Dans les faits, cela ne se passe pas toujours comme prévu. "A la fin du processus, les migrants sont emmenés dans un hébergement d'urgence. Le but serait qu'ils y restent jusqu'à ce qu'il soit décidé vers quel pays ils doivent être renvoyés. Mais, en réalité, la plupart d'entre eux disparaissent dans la nature et d'après ce qu'on en sait, ils poursuivent leur voyage en direction de la France", explique Florian Schneider, porte-parole de la Police cantonale saint-galloise.
Les autorités suisses ne sont pas autorisées à garder ces personnes en détention, ce qui permet une migration secondaire. Finalement, ces migrants ne font que passer.

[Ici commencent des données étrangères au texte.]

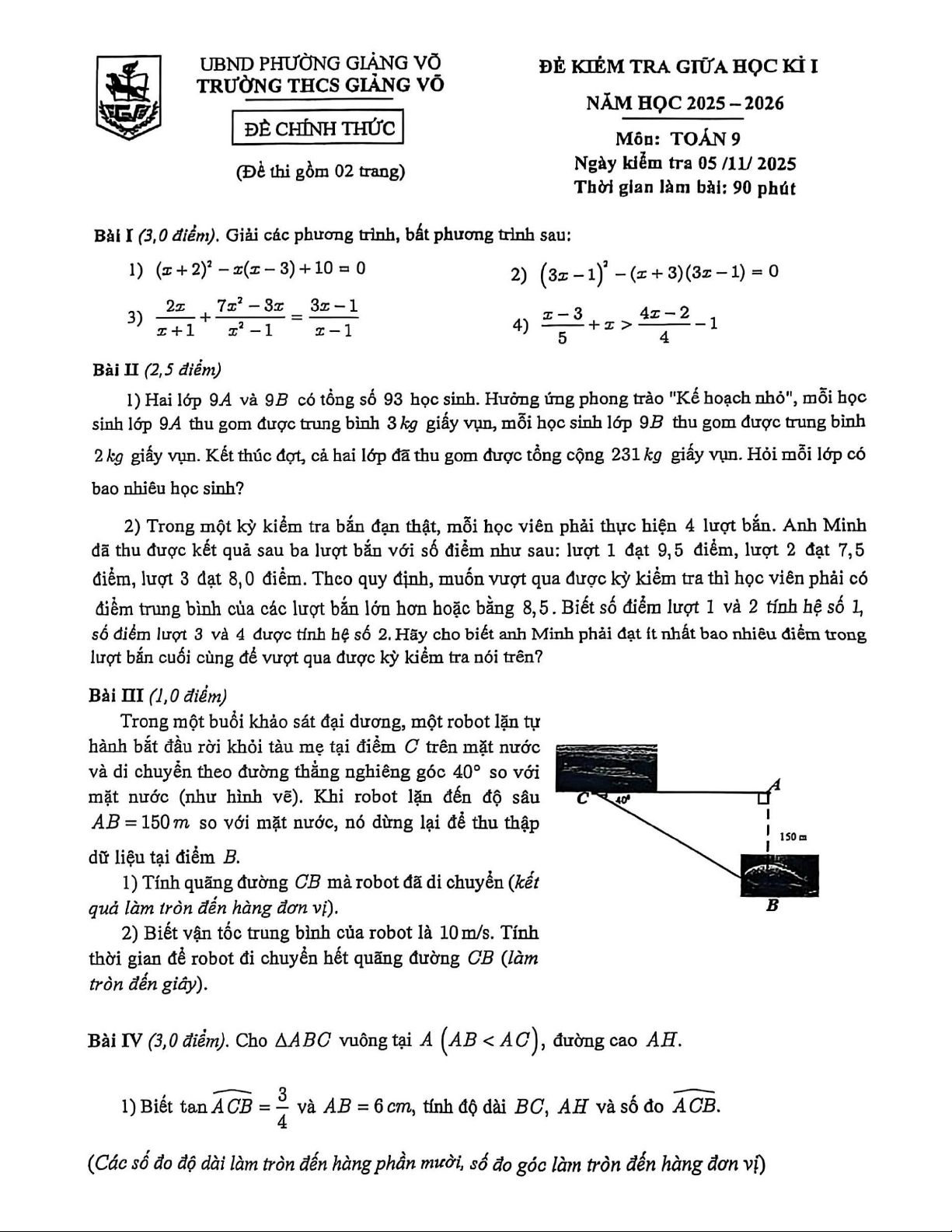 Xin giới thiệu đến quý thầy, cô giáo và các em học sinh đề kiểm tra giữa học kì 1 môn Toán 9 năm học 2025 – 2026 trường THCS Giảng Võ, phường Giảng Võ, thành phố Hà Nội. Kỳ thi được diễn ra vào ngày 05 tháng 11 năm 2025.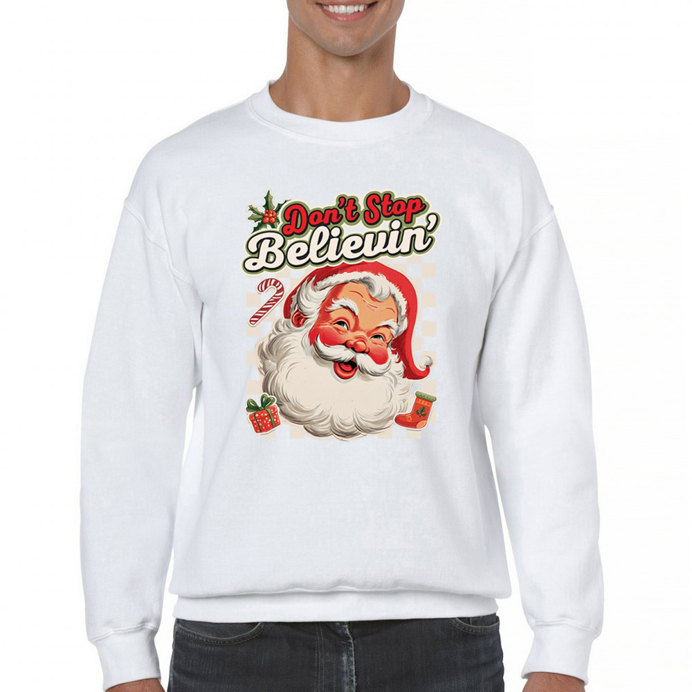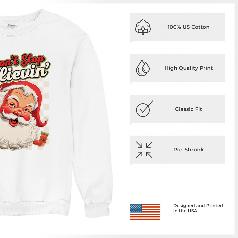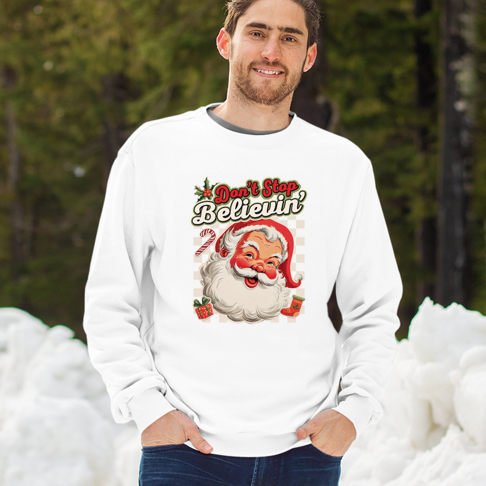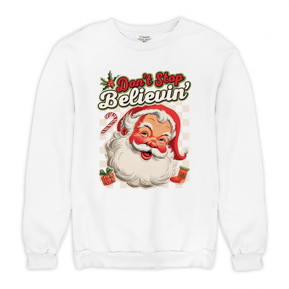 Spread holiday cheer with this “Don’t Stop Believing†Santa Claus shirt that blends classic Christmas spirit with cozy winter charm. Perfect for festive parties, family gatherings, or relaxing by the fire, this design captures Jingle Bells joy, Merry Xmas fun, Santa Claus magic, Reindeer delight, Rudolph glow, Snowman charm, and Christmas tree style for the perfect seasonal outfit.

Situation intenable pour St-Gall
Cette collaboration ne semble toutefois pas empêcher ces personnes de traverser la Suisse. Au final, cela constitue une charge importante pour le canton de Saint-Gall. Pour traiter toutes les arrivées, les autorités ont ouvert un centre provisoire d'enregistrement, qui coûte entre 3 et 4 millions de francs pour une demi-année. A cela s'ajoute la forte sollicitation des effectifs de la police cantonale.
Interrogé par la RTS, le ministre cantonal en charge de la sécurité Fredy Fässler (PS) estime que la situation n'est pas tenable à long terme. Il n'exclut pas de demander un soutien financier à la Confédération, si cette situation devait perdurer.